━━━ Data extract
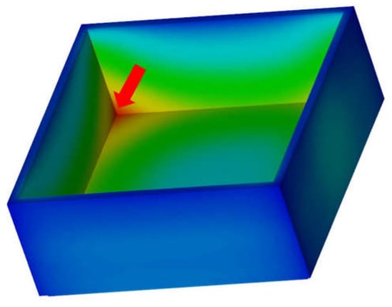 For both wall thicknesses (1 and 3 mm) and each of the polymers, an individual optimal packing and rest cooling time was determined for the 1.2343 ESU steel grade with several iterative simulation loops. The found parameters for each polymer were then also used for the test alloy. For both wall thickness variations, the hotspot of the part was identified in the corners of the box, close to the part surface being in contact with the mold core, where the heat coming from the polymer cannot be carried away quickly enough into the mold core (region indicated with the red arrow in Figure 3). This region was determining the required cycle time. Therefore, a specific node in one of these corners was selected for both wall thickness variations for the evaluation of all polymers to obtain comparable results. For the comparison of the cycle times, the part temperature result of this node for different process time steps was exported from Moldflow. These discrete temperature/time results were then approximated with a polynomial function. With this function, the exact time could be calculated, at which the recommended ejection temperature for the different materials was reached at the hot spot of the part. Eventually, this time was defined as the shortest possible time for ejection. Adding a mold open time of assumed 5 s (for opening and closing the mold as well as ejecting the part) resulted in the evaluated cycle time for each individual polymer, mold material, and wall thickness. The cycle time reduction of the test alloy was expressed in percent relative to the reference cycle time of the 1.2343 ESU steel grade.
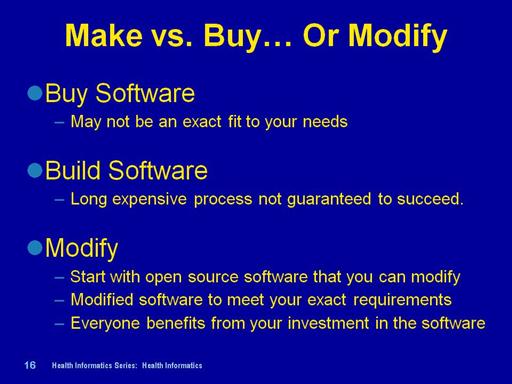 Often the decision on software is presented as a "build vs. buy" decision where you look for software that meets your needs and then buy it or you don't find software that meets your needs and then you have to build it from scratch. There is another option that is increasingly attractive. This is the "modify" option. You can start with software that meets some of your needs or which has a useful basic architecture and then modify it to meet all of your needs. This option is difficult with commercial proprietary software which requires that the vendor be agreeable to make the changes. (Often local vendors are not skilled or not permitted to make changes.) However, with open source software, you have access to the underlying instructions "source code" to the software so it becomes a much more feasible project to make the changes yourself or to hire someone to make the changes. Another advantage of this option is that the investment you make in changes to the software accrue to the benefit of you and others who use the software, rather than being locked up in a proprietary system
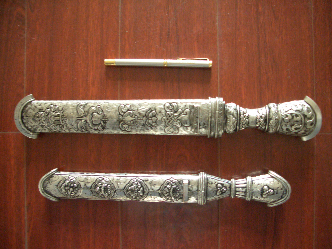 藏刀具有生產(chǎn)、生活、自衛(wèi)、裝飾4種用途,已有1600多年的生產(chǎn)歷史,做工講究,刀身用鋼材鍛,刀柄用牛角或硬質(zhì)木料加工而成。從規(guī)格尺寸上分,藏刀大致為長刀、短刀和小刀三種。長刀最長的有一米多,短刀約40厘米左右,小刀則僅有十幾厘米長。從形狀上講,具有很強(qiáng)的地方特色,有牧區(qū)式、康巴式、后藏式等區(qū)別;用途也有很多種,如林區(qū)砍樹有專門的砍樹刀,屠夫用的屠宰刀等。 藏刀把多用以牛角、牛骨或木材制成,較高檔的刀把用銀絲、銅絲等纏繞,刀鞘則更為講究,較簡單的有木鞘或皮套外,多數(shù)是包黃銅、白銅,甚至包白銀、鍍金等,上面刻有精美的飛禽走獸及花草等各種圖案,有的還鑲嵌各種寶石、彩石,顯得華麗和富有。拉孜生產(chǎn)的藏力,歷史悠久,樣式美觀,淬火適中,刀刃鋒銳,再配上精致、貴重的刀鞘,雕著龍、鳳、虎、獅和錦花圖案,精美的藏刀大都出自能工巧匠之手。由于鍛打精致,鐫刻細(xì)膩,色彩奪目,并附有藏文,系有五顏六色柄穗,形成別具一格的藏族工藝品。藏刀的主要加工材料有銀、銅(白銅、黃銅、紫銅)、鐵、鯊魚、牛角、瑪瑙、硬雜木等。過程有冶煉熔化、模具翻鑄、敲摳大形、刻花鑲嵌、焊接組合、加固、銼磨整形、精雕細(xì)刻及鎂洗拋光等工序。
━━━━━━
**Problem**:
Produce a verbatim copy of the listing, leaving out all pictures.

**Problem solution**:
 For both wall thicknesses (1 and 3 mm) and each of the polymers, an individual optimal packing and rest cooling time was determined for the 1.2343 ESU steel grade with several iterative simulation loops. The found parameters for each polymer were then also used for the test alloy. For both wall thickness variations, the hotspot of the part was identified in the corners of the box, close to the part surface being in contact with the mold core, where the heat coming from the polymer cannot be carried away quickly enough into the mold core (region indicated with the red arrow in Figure 3). This region was determining the required cycle time. Therefore, a specific node in one of these corners was selected for both wall thickness variations for the evaluation of all polymers to obtain comparable results. For the comparison of the cycle times, the part temperature result of this node for different process time steps was exported from Moldflow. These discrete temperature/time results were then approximated with a polynomial function. With this function, the exact time could be calculated, at which the recommended ejection temperature for the different materials was reached at the hot spot of the part. Eventually, this time was defined as the shortest possible time for ejection. Adding a mold open time of assumed 5 s (for opening and closing the mold as well as ejecting the part) resulted in the evaluated cycle time for each individual polymer, mold material, and wall thickness. The cycle time reduction of the test alloy was expressed in percent relative to the reference cycle time of the 1.2343 ESU steel grade.
 Often the decision on software is presented as a "build vs. buy" decision where you look for software that meets your needs and then buy it or you don't find software that meets your needs and then you have to build it from scratch. There is another option that is increasingly attractive. This is the "modify" option. You can start with software that meets some of your needs or which has a useful basic architecture and then modify it to meet all of your needs. This option is difficult with commercial proprietary software which requires that the vendor be agreeable to make the changes. (Often local vendors are not skilled or not permitted to make changes.) However, with open source software, you have access to the underlying instructions "source code" to the software so it becomes a much more feasible project to make the changes yourself or to hire someone to make the changes. Another advantage of this option is that the investment you make in changes to the software accrue to the benefit of you and others who use the software, rather than being locked up in a proprietary system
 藏刀具有生產(chǎn)、生活、自衛(wèi)、裝飾4種用途,已有1600多年的生產(chǎn)歷史,做工講究,刀身用鋼材鍛,刀柄用牛角或硬質(zhì)木料加工而成。從規(guī)格尺寸上分,藏刀大致為長刀、短刀和小刀三種。長刀最長的有一米多,短刀約40厘米左右,小刀則僅有十幾厘米長。從形狀上講,具有很強(qiáng)的地方特色,有牧區(qū)式、康巴式、后藏式等區(qū)別;用途也有很多種,如林區(qū)砍樹有專門的砍樹刀,屠夫用的屠宰刀等。 藏刀把多用以牛角、牛骨或木材制成,較高檔的刀把用銀絲、銅絲等纏繞,刀鞘則更為講究,較簡單的有木鞘或皮套外,多數(shù)是包黃銅、白銅,甚至包白銀、鍍金等,上面刻有精美的飛禽走獸及花草等各種圖案,有的還鑲嵌各種寶石、彩石,顯得華麗和富有。拉孜生產(chǎn)的藏力,歷史悠久,樣式美觀,淬火適中,刀刃鋒銳,再配上精致、貴重的刀鞘,雕著龍、鳳、虎、獅和錦花圖案,精美的藏刀大都出自能工巧匠之手。由于鍛打精致,鐫刻細(xì)膩,色彩奪目,并附有藏文,系有五顏六色柄穗,形成別具一格的藏族工藝品。藏刀的主要加工材料有銀、銅(白銅、黃銅、紫銅)、鐵、鯊魚、牛角、瑪瑙、硬雜木等。過程有冶煉熔化、模具翻鑄、敲摳大形、刻花鑲嵌、焊接組合、加固、銼磨整形、精雕細(xì)刻及鎂洗拋光等工序。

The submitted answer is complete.